DIRECTIONS> For this exercise, output the entries below exactly from the line that holds "Comics writer/artist Nick" to the line that holds "Vintage images of", both ends included. No pictures belong in the copy.

ENTRIES PROVIDED>
+---+
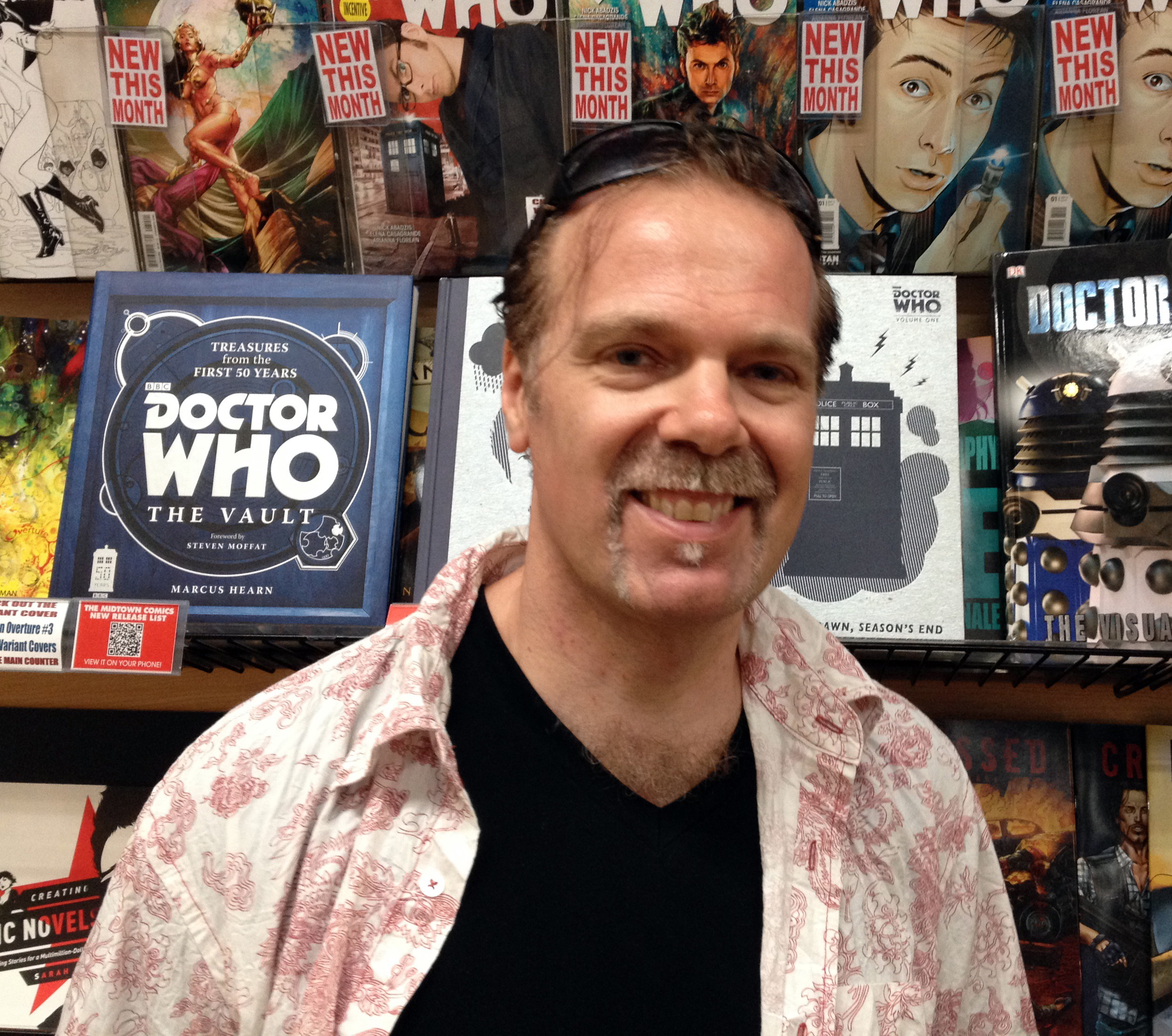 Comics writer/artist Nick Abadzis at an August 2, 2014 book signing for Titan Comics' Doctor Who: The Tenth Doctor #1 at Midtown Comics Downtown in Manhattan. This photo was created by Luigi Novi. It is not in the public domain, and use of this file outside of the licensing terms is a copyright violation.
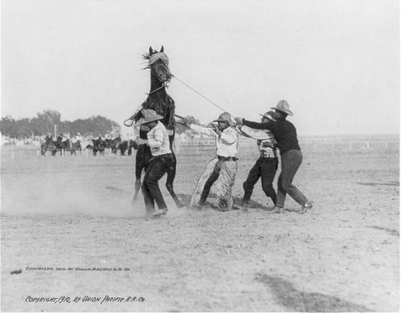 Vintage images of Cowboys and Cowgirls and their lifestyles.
+---+
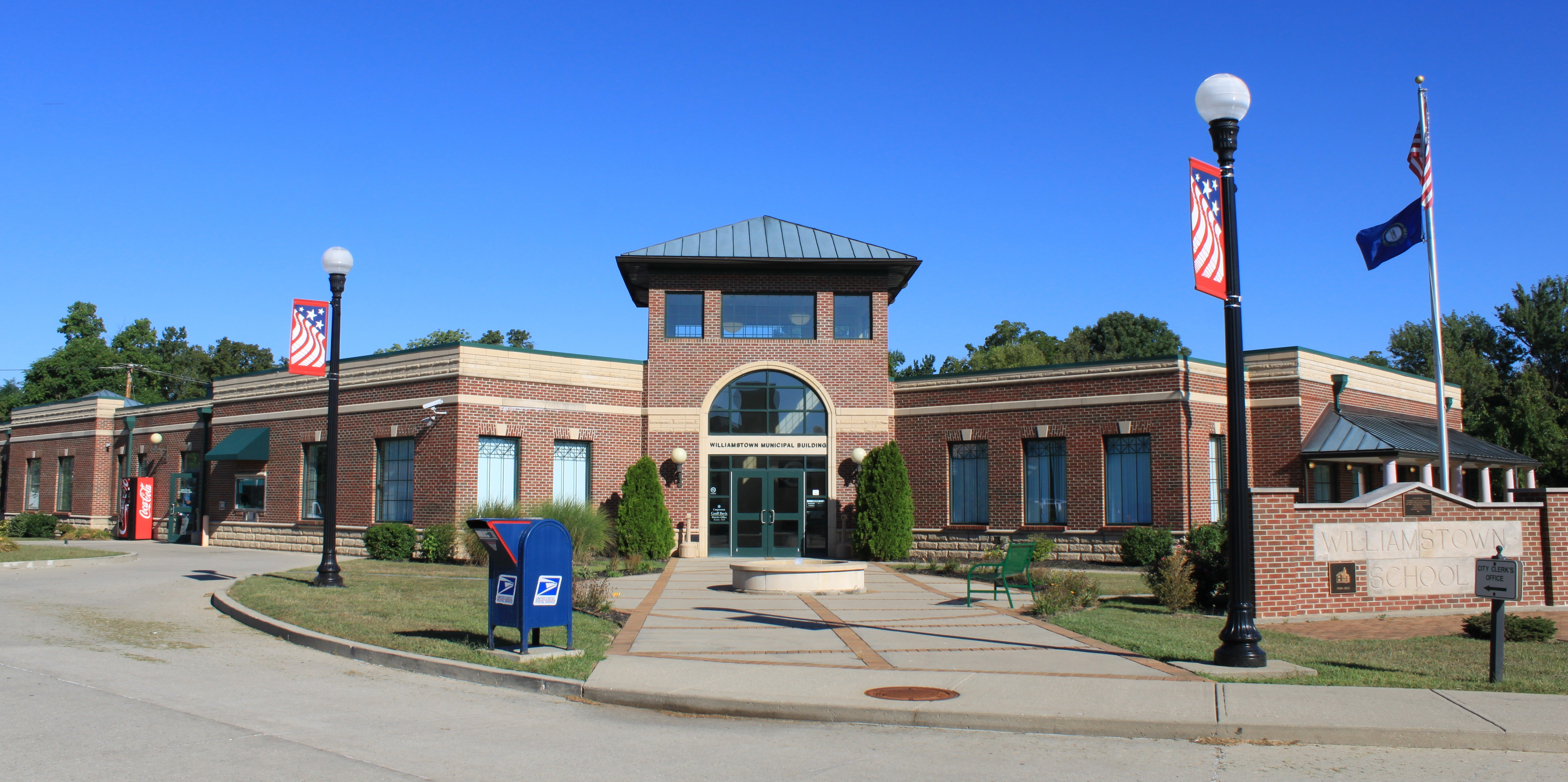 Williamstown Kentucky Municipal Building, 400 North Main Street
+---+
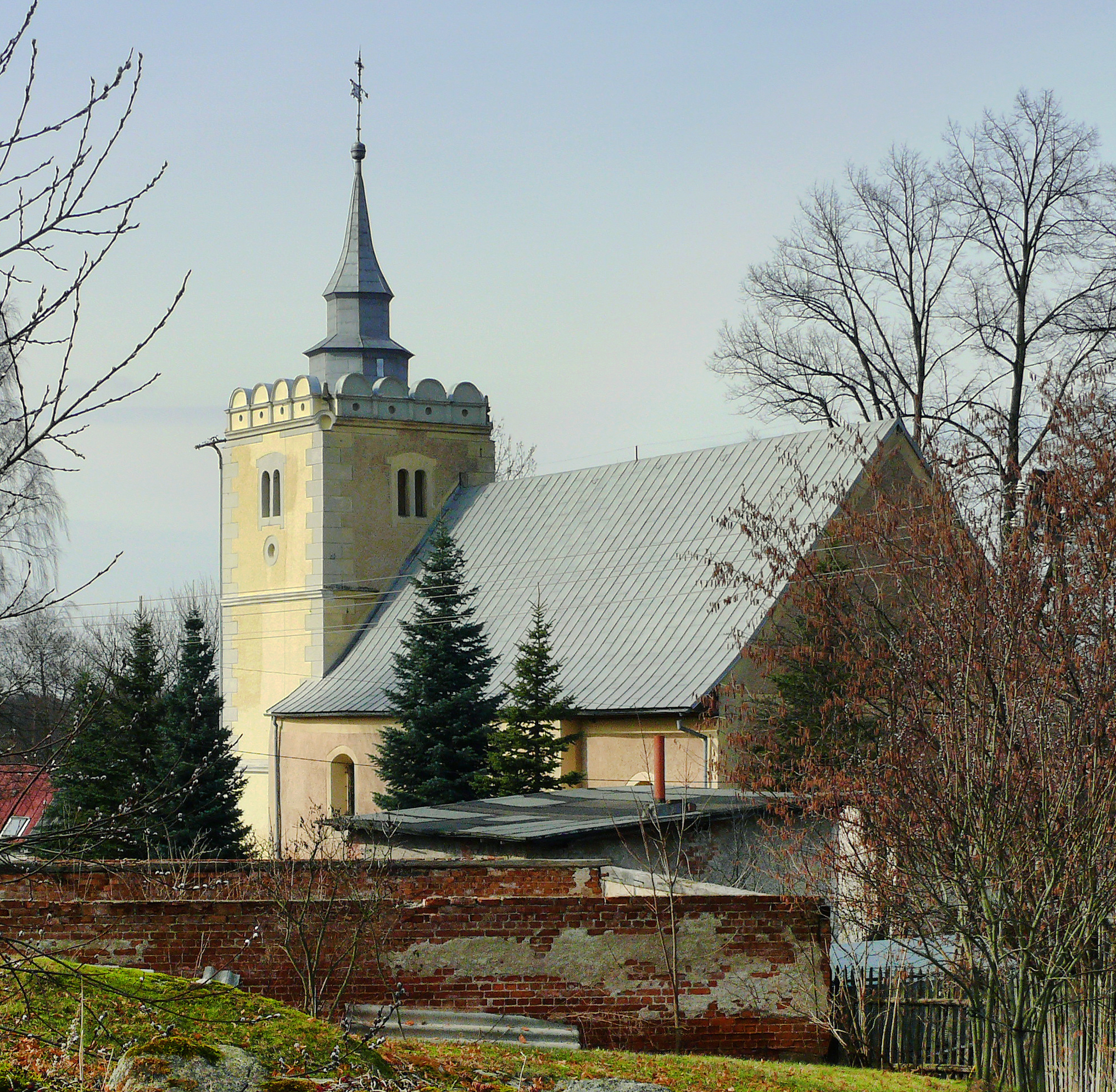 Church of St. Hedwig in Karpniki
+---+
COMPLETED TASK>
 Comics writer/artist Nick Abadzis at an August 2, 2014 book signing for Titan Comics' Doctor Who: The Tenth Doctor #1 at Midtown Comics Downtown in Manhattan. This photo was created by Luigi Novi. It is not in the public domain, and use of this file outside of the licensing terms is a copyright violation.
 Vintage images of Cowboys and Cowgirls and their lifestyles.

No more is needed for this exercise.